From the listing below, please restate exactly the lines beginning at the one with "Очень быстрая доставка" and ending at the one with "去了三星堆,博物馆的智慧导览", both included, and skip the pictures.

→ Records provided:

BEGIN

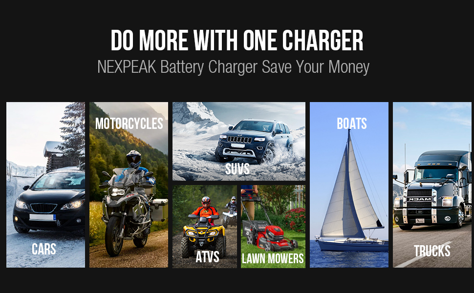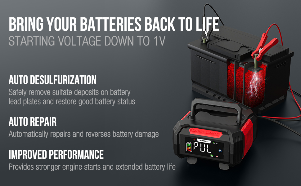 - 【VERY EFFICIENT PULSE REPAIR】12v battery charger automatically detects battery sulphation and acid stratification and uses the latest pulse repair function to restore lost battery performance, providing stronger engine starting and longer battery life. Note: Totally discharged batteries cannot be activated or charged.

END
BEGIN

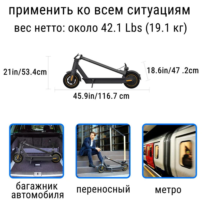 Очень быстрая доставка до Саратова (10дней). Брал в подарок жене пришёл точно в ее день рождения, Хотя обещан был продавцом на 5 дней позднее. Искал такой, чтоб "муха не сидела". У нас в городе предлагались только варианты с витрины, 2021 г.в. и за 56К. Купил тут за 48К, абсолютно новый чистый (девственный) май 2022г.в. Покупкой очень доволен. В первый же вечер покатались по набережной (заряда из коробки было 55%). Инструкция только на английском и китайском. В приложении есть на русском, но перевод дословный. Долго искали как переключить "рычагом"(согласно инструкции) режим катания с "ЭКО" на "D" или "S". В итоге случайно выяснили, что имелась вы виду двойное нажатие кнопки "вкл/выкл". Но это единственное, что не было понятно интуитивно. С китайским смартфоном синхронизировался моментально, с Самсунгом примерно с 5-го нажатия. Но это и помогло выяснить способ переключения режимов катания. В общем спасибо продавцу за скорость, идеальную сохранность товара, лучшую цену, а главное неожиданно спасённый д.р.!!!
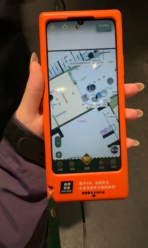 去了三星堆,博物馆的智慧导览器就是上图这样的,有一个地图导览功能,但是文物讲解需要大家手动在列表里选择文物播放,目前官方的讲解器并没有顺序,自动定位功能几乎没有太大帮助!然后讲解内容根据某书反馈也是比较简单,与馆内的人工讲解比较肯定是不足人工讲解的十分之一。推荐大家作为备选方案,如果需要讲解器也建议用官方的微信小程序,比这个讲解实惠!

END
BEGIN

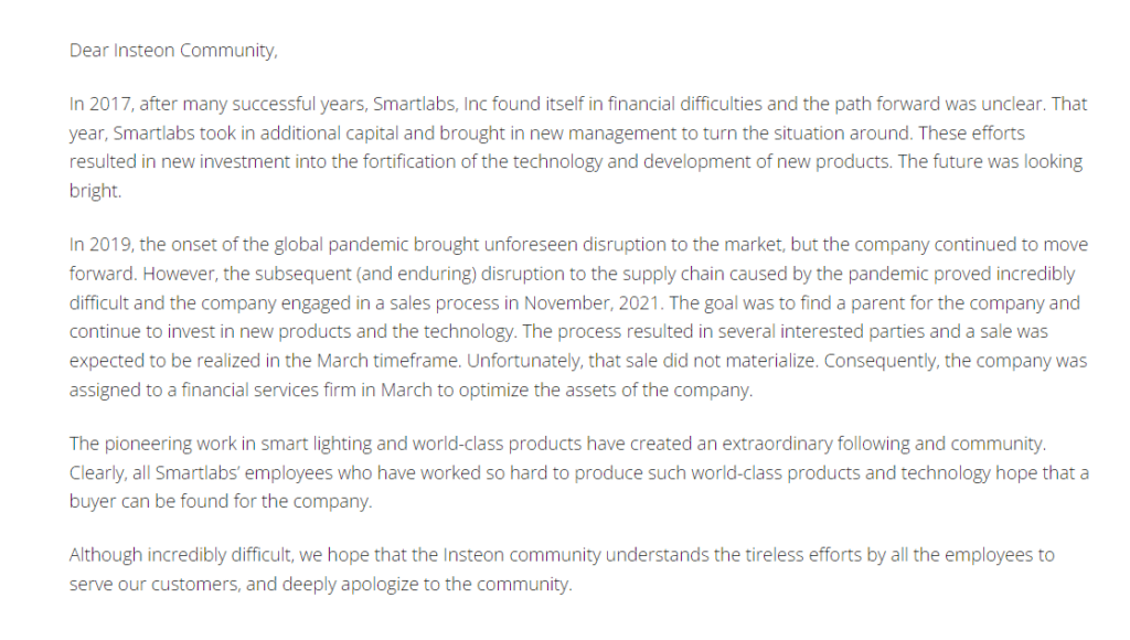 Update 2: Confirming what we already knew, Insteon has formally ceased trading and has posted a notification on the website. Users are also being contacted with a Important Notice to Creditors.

END

→ Solution:
 Очень быстрая доставка до Саратова (10дней). Брал в подарок жене пришёл точно в ее день рождения, Хотя обещан был продавцом на 5 дней позднее. Искал такой, чтоб "муха не сидела". У нас в городе предлагались только варианты с витрины, 2021 г.в. и за 56К. Купил тут за 48К, абсолютно новый чистый (девственный) май 2022г.в. Покупкой очень доволен. В первый же вечер покатались по набережной (заряда из коробки было 55%). Инструкция только на английском и китайском. В приложении есть на русском, но перевод дословный. Долго искали как переключить "рычагом"(согласно инструкции) режим катания с "ЭКО" на "D" или "S". В итоге случайно выяснили, что имелась вы виду двойное нажатие кнопки "вкл/выкл". Но это единственное, что не было понятно интуитивно. С китайским смартфоном синхронизировался моментально, с Самсунгом примерно с 5-го нажатия. Но это и помогло выяснить способ переключения режимов катания. В общем спасибо продавцу за скорость, идеальную сохранность товара, лучшую цену, а главное неожиданно спасённый д.р.!!!
 去了三星堆,博物馆的智慧导览器就是上图这样的,有一个地图导览功能,但是文物讲解需要大家手动在列表里选择文物播放,目前官方的讲解器并没有顺序,自动定位功能几乎没有太大帮助!然后讲解内容根据某书反馈也是比较简单,与馆内的人工讲解比较肯定是不足人工讲解的十分之一。推荐大家作为备选方案,如果需要讲解器也建议用官方的微信小程序,比这个讲解实惠!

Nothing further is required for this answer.